彼女はパニック障害を患い、同時に非定型うつ(新型うつと呼ばれる場合もある)を発症させ、僕に相談をするまで5年間も闘病生活を続けていた。

パニックについては大分回復し、予期不安(次はいつパニックになるだろうと不安になってしまうもの)も収まりつつある。

飲んでいる薬も減薬スケジュールを主治医と組み、カウンセリング等で本人の容態を見ながら進めていくという治療の過程を経て、今現在は苦しいながらも働いている。

しかし、彼女本人は自分の病状、とくに非定型うつについてはまったくといっていいほど理解していない。

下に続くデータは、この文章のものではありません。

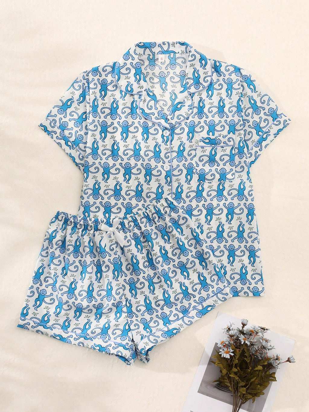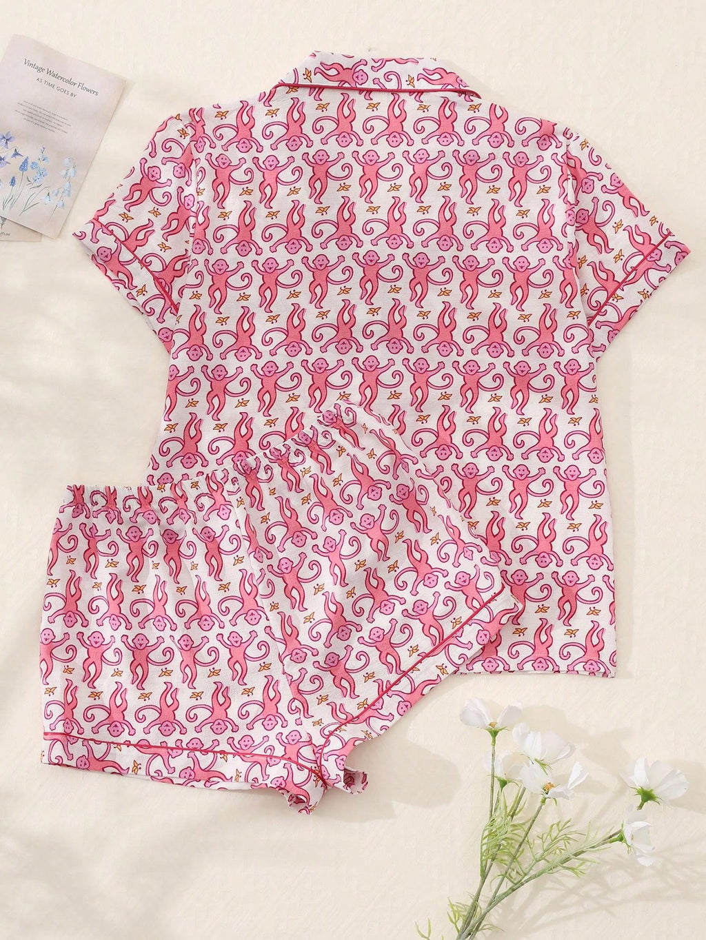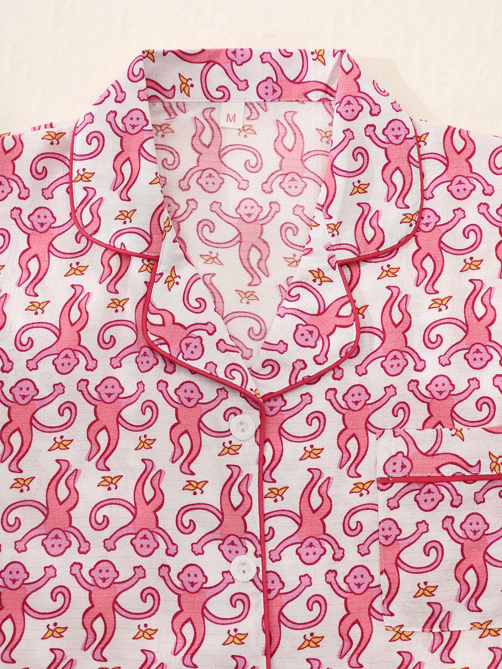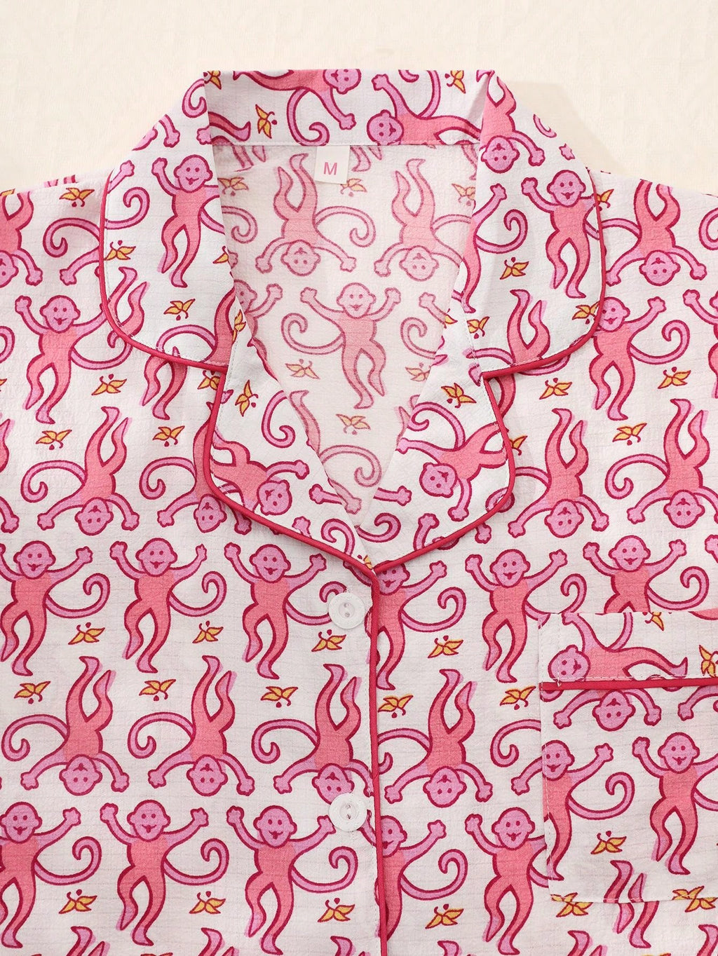 BELLAVOG Ženski set od 2 komada, majica i hlače s V-izrezom i dugmadima, s printom majmuna, kratkim rukavima i jednim redom kopčanja, ljetni set pidžame, udoban za kućnu upotrebu, set od dva dijela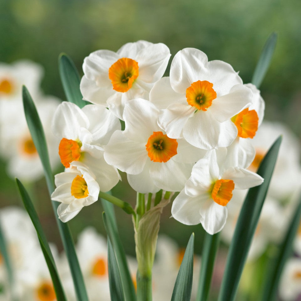 The pure white petals contrast brilliantly with the bright orange cup. Narcissus Geranium is multi-headed and fragrant a good strong narcissus, planted en masse look fabulous. Be aware though, if planting bulbs in a grassed area, make sure that the leaves have died down before mowing or strimming.

患者の病状や診断名、その病気の種類を、こと精神疾病においては本人がきちんと把握する必要性の議論はたびたび行われているが、少なくとも彼女は自分が「うつ」だということしか知らないし、そもそも「うつ」といわゆる「新型うつ」がどう違うのかも恐らくは理解していない。

このような状態では間違った認識を生み、自分自身で謂れのない思い込みへと発展し、考え方を捻じ曲げてしまいかねないと僕は思った。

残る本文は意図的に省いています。